Sample rate: 100% for ERROR, 10% for INFO under load, 100% on canary.

5. Errors (Sentry)

  • All ERROR-level logs auto-shipped to Sentry with the trace context.
  • Event handlers tag errors with topic, message_id, delivery_attempt.
  • Domain errors are not Sentry events — they are expected business outcomes (4xx). Only 5xx, panics, and Concurrency conflict storms (10+ in 60 s on the same aggregate) page on-call.

6. Dashboards

Grafana folder housekeeping:

  1. Overview — request rate, latency p50/p95/p99, 4xx/5xx, error budget burn.
  2. Turnover Saga — tasks created/started/completed/min, time-to-ready histogram, current open count by status.
  3. BoardGET /board p99, board cache hit ratio, sync push outcomes.
  4. Linen — on-hand by line per property, low-stock alerts, runway minutes.
  5. Shifts & Routing — staffing-gap events, routing requests/applied/fallback, hitl mode by tenant.
  6. Database — Cloud SQL CPU, slow query top 10, partition sizes, RLS denies.
  7. Pub/Sub — consumer lag per subscription, DLQ size, retry counts.

7. Alerts

AlertConditionRoute
OutboxBacklogunpublished rows > 1000 for 5 minon-call (housekeeping)
BoardLatencyHighboard p99 > 400 ms for 10 minon-call
TurnoverCreateLagHighp95 > 5 s for 10 minon-call
ConsumerLagHigholdest unacked > 60 s for 5 min on any subscriptionon-call
DLQGrowthDLQ size > 10 in 15 minon-call
ErrorBudgetBurnFast1h burn rate > 14×on-call (page)
ErrorBudgetBurnSlow6h burn rate > 6×on-call (ticket)
RLSDenyStormRLS denies > 0 for 5 minsecurity on-call (this should never happen)
RoutingFallbackPersistentfallback counter > 0 for 30 minengineering Slack (warn)
LinenLowStockSpikelow-stock alerts > 5/property in 1 hanalytics Slack (warn)
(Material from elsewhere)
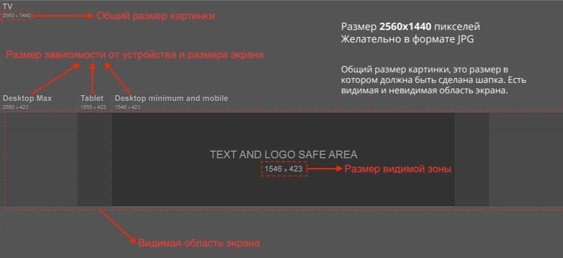 Размер 2560х1440 пикселей. Желательно в формате JPG. Общий размер картинки, это размер в котором должна быть сделана шапка. Есть видимая и невидимая область экрана.

Pages go to PagerDuty housekeeping; warnings to Slack #hk-ops.

8. Runbooks

Each alert has a runbook in runbooks/:

  • outbox-backlog.md
  • board-latency.md
  • turnover-create-lag.md
  • consumer-lag.md
  • dlq-growth.md
  • rls-deny.md
  • routing-fallback.md

Runbooks include: how to confirm, immediate mitigation, escalation, post-mortem template.

9. Audit visibility

audit_events is queryable via the internal admin tool (/internal/admin/audit?aggregate_id=…) — restricted to tenant_admin and platform support roles. Mirrored to audit-service over Pub/Sub.